[Data records]
══════════════════════════════

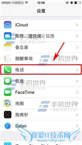 1)点击【设置】进入,然后点击【电话】一栏。(如下图)
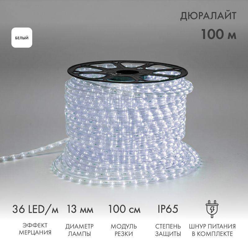 Шнур светодиодный Дюралайт эффект мерцания 2Вт 36LED/м бел. (уп.100м) Neon-Night 121-255
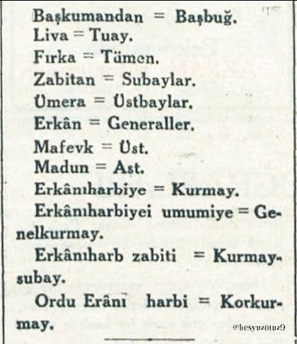 Atatürk’ün bir Geometri terimleri kitabı yazdığı bilinir ancak askeri rütbelere Türkçe karşılıklar bulduğu pek bilinmez. Bu rütbelerin neredeyse hepsi halen kullanılmaktadır. (Akşam, 24 Şubat 1935) (Görsel 2-3)
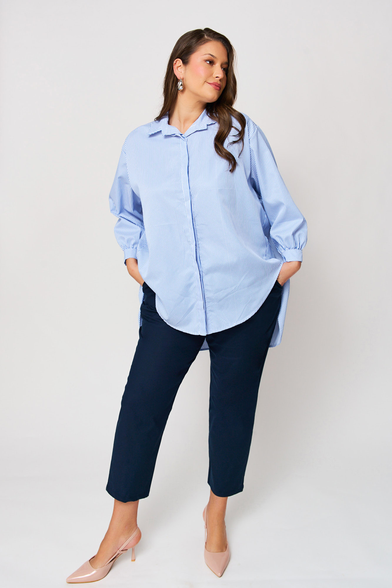 Μπλούζα Μακριά Ελαστική με V Katerina Μπλε
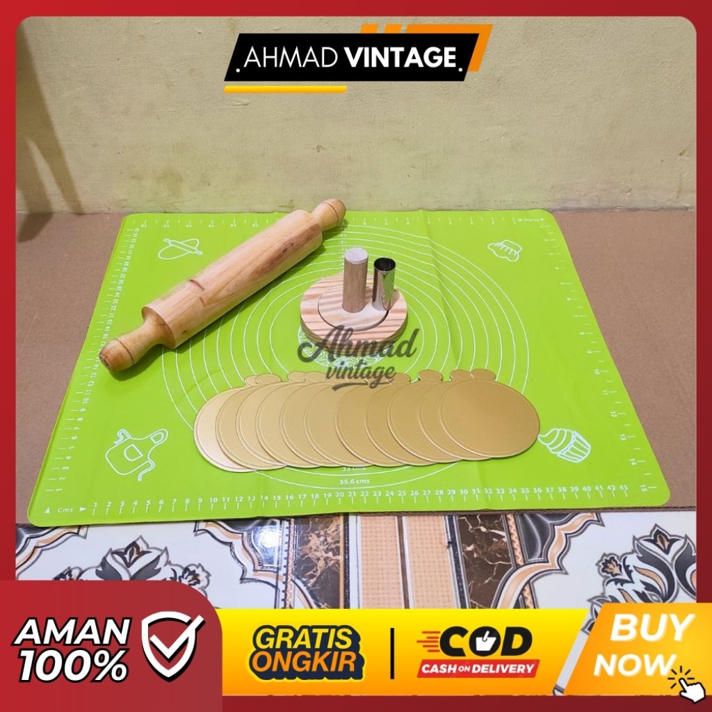 1 SET Cetakan donat kayu + Alas Adonan + Rollpin kayu + Alas gold 50 pcs Paket Hemat Alat pembuat Donat food grade kitch
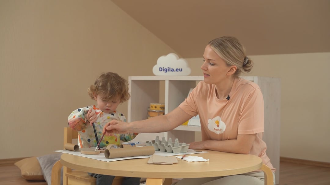 alustuseks selgitage lapsele, et ta peab papile liimitud erinevad pinnad värviga katma. Selle tegevuse käigus on teil võimalik toetada lapse sõnavara arengut ning innustada last enda tegevust kommenteerima. Kui laps veel ei räägi, siis kommenteerige ise, näiteks „Pane punast värvi rulli peale!“ jne. Tegevuse lõppedes kaasake laps ka koristustöödesse.
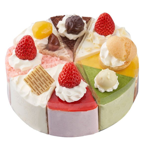 大人数でのお祝いや、いろいろな味を一度に楽しみたいという人にぴったりなのが、こちらのアソートデコレーションケーキ。

══════════════════════════════

YOUR ASSIGNMENT ▸
Look above and copy only the lines from the one holding "Μπλούζα Μακριά Ελαστική με V Katerina Μπλε" to the one holding "1 SET Cetakan", both included, exactly, minus the pictures.

RESULT FOR THIS EXERCISE ▸
 Μπλούζα Μακριά Ελαστική με V Katerina Μπλε
 1 SET Cetakan donat kayu + Alas Adonan + Rollpin kayu + Alas gold 50 pcs Paket Hemat Alat pembuat Donat food grade kitch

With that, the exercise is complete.